I was an Economics major in college, and I recall well the firm inculcation we bright, eager, ignorant college freshmen got into the wisdom of a free market economy. In that vein, we are left to wonder why the state would ever suppress the number of available hospital beds, instead of allowing the market to determine how many is too many. But the free market does not rule the supply of such critical facilities, at least not in Virginia. If you’re a hospital and you want to add beds, you have to prove to the Commissioner that they’re needed where you want to put them.

Two competing groups simultaneously sought certificates so they could add beds. The local health systems agency submitted a report that suggested that there was no public need for the additional capacity. But even such an agency has its own rules, and in one critical respect, the agency blew it. A statute requires that each such agency be composed of at least half “consumers” – which I take to mean patients, or at least potential patients – and today’s opinion implies that there might have been too many medical professionals.
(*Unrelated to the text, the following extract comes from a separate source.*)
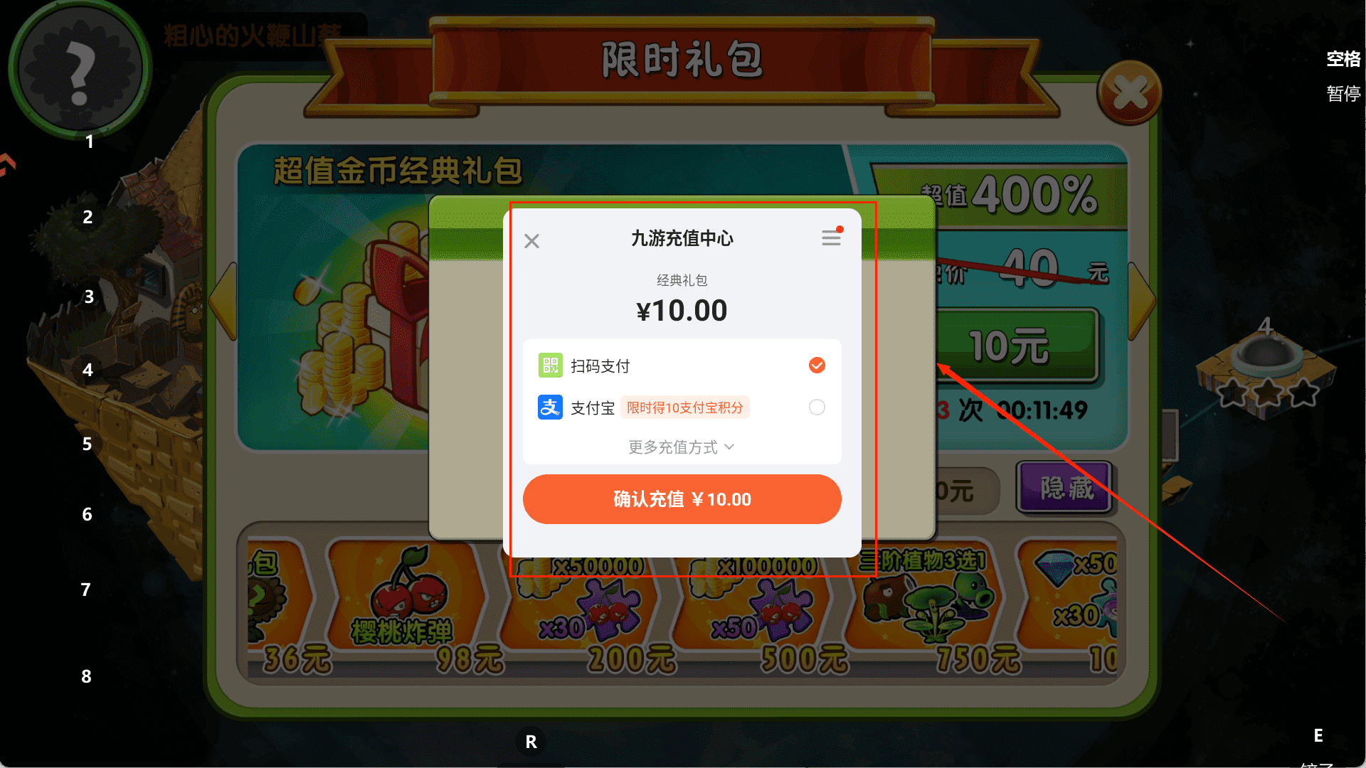 2、点击购买后,游戏会调用“九游充值中心”的接口,弹出一个窗口让你付钱,这里你按提示操作就好。
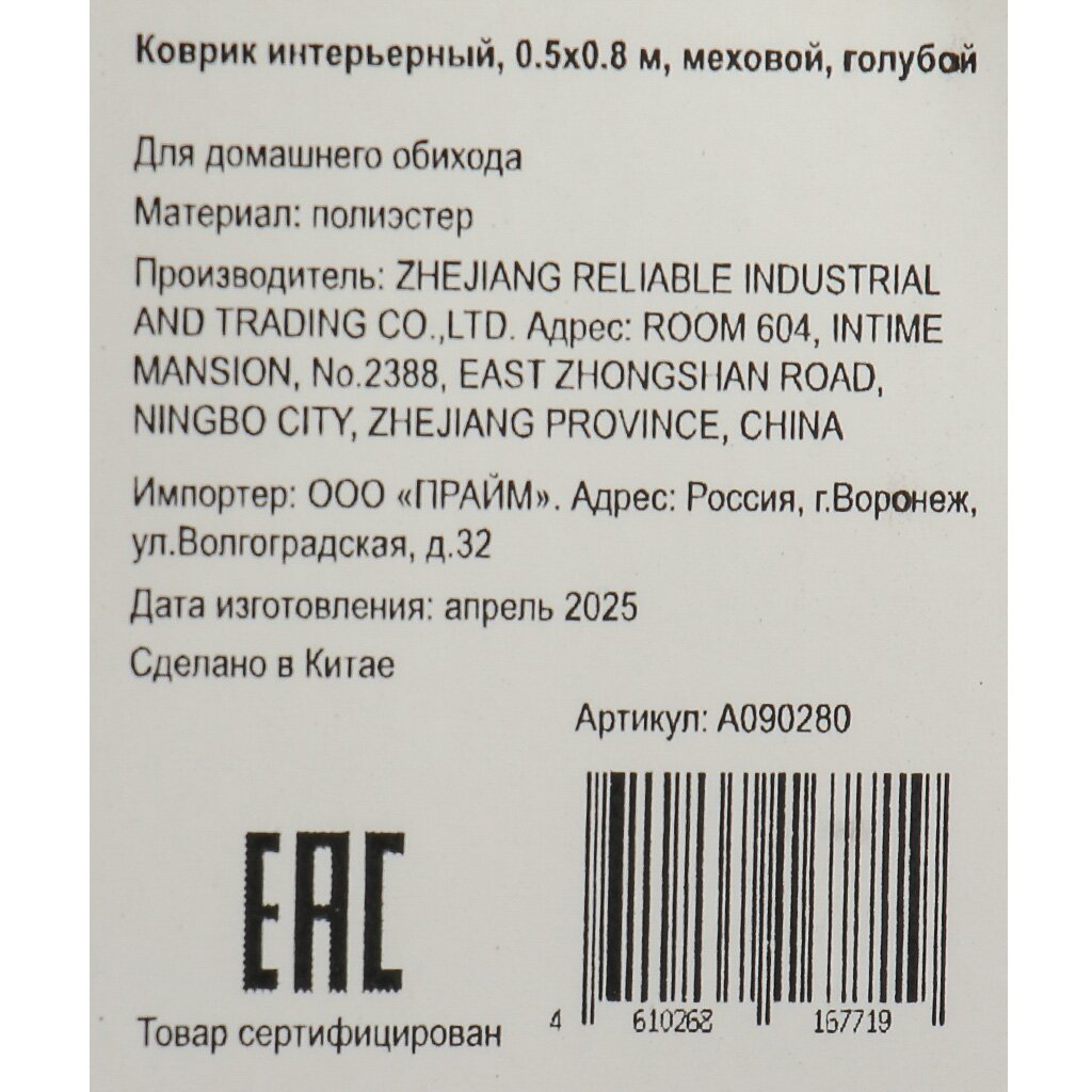 Вы можете приобрести «Коврик интерьерный 0.5х0.8 м, прямоугольный, голубой, искусственный мех, A090280» и другие товары в нашем интернет-магазине в Липецке по низким ценам и с бесплатным самовывозом.

So what’s the Commissioner supposed to do when he gets a required report from an agency that isn’t properly constituted? Well, that’s what today’s opinion is about – sort of. The short answer is that the report is but one of twenty separate factors that the Commissioner is supposed to consider, so it’s of relatively minor importance in the grand scheme. But more important, the report, warts and all, was admitted into the record, and the appellant today (one of the COPN applicants) conceded that it was appropriate to have it there. The court concludes that the Commissioner is certainly empowered to consider all matters in the record, so it finds no error in the Commissioner’s ruling, or in the circuit court’s affirming that ruling.

But it’s not quite that simple. There is yet another statute that says that if the agency doesn’t submit a timely report (within 60 days), then the Commissioner is supposed to act as though it submitted a report recommending approval without conditions. In effect, that prevents the agency from holding an application hostage; if it takes too long, then the applicant gets a free pass. But remember, it’s only a free pass on one of twenty factors; not on the whole application process.

I mentioned in the header above that this ruling is “post-mortem.” That’s because it was authored by Judge Millette, now known as Justice Millette. He not only sat on the three-judge panel that heard the case; he’s the one assigned to write the opinion (which turns out to be unanimous). By the time this opinion was issued this morning, its author had been sitting on the Supreme Court for four days, officially (and unofficially since August 19, when he was sworn in at the Supreme Court).

One last point: In case you’re wondering, the cephalgia-inducing acronyms in the case are COPN, HPA, EVHSA, LTACH, IFFC, and DCOPN, not to mention a couple of LLC’s. That even hurts to type.